I know they will be executed concurrently, but its stated that concurrent queue will respect FIFO for starting the execution of tasks, but won't guarantee which one completes first. So at least the starting task statements should have started with
Starting async1
Starting async3
Starting async2
and this completion statements random:
time for async2: 4.1961669921875e-05
time for async3: 0.00238299369812012
time for async1: 0.117094993591309
and the completion statements random.
A concurrent queue runs the jobs you submit to it concurrentlyThat's what it's for.
If you want a queue the runs jobs in FIFO order, you want a serial queue.
I see what you're saying about the docs claiming that the jobs will be submitted in FIFO order, but your test doesn't really establish the order in which they're run. If the concurrent queue has 2 threads available but only one processor to run those threads on, it might swap out one of the threads before it gets a chance to print, run the other job for a while, and then go back to running the first job. There's no guarantee that a job runs to the end before getting swapped out.
I don't think a print statement gives you reliable information about the order in which the jobs are started.
cqueue is a concurrent queue which is dispatching your block of work to three different threads(it actually depends on the threads availability) at almost the same time but you can not control the time at which each thread completes the work.
If you want to perform a task serially in a background queue, you are much better using serial queue.
let serialQueue = DispatchQueue(label: "serialQueue")
Serial Queue will start the next task in queue only when your previous task is completed.
"I don't understand why the blocks don't start in FIFO order" How do you know they don't? They do start in FIFO order!
The problem is that you have no way to test that. The notion of testing it is, in fact, incoherent. The soonest you can test anything is the first line of each block — and by that time, it is perfectly legal for another line of code from another block to execute, because these blocks are asynchronous. That is what asynchronous means.
So, they start in FIFO order, but there is no guarantee about the order in which, given multiple asynchronous blocks, their first lines will be executed.
With a concurrent queue, you are effectively specifing that they can run at the same time. So while they’re added in FIFO manner, you have a race condition between these various worker threads, and thus you have no assurance which will hit its respective print statement first.

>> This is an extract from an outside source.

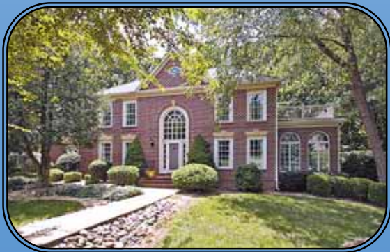
BOWEN, GREAT FALLS $1,049,000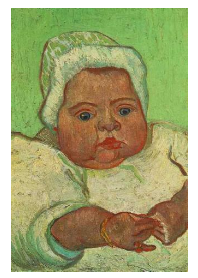
Portrait of Marcelle Roulin, 1888 Image online, courtesy Web Gallery of Art.

http://www.awesomestories.com/asset/view/Self-Portrait-van-Gogh-December-1888

So, this raises the question: Why do you care which order they hit their respective print statements? If order is really important, you shouldn't be using concurrent queue. Or, the other way of saying that, if you want to use a concurrent queue, write code that isn't dependent upon the order with which they run.
You asked:
Would you suggest some way to get the info when a Task is dequeued from the queue so that I can log it to get the FIFO order.

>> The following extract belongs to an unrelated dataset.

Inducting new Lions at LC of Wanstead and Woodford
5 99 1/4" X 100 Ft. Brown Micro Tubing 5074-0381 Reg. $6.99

If you're asking how to enjoy FIFO starting of the tasks on concurrent queue in real-world app, the answer is "you don't", because of the aforementioned race condition. When using concurrent queues, never write code that is strictly dependent upon the FIFO behavior.
If you're asking how to verify this empirically for purely theoretical purposes, just do something that ties up the CPUs and frees them up one by one:
// utility function to spin for certain amount of time
func spin(for seconds: TimeInterval, message: String) {
let start = CACurrentMediaTime()
while CACurrentMediaTime() - start < seconds { }
os_log("%#", message)
}
// my concurrent queue
let queue = DispatchQueue(label: label, attributes: .concurrent)

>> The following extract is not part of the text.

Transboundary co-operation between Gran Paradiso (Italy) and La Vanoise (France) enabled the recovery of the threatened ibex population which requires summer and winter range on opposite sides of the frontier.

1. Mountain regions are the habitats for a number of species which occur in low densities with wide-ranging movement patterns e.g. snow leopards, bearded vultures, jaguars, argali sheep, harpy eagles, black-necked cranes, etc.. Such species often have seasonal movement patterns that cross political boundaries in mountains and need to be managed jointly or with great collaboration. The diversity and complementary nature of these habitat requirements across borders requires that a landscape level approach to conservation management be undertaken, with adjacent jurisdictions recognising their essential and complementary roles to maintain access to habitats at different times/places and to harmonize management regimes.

// just something to occupy up the CPUs, with varying
// lengths of time; don’t worry about these re FIFO behavior
for i in 0 ..< 20 {
queue.async {
spin(for: 2 + Double(i) / 2, message: "\(i)")
}
}
// Now, add three tasks on concurrent queue, demonstrating FIFO
queue.async {
os_log(" 1 start")
spin(for: 2, message: " 1 stop")
}
queue.async {
os_log(" 2 start")
spin(for: 2, message: " 2 stop")
}
queue.async {
os_log(" 3 start")
spin(for: 2, message: " 3 stop")
}
You'll be able to see those last three tasks are run in FIFO order.
The other approach, if you want to confirm precisely what GCD is doing, is to refer to the libdispatch source code. It's admittedly pretty dense code, so it's not exactly obvious, but it's something you can dig into if you're feeling ambitious.

How can I use foreach and fork together to do something in parallel?

This question is not UVM specific but the example that I am working on is UVM related.
I have an array of agents in my UVM environment and I would like to launch a sequence on all of them in parallel.
If I do the below:
foreach (env.agt[i])
begin
seq.start(env.agt[i].sqr);
end
, the sequence seq first executes on env.agt[0].sqr. Once that gets over, it then executes on env.agt[1].sqr and so on.
I want to implement a foreach-fork statement so that seq is executed in parallel on all agt[i] sequencers.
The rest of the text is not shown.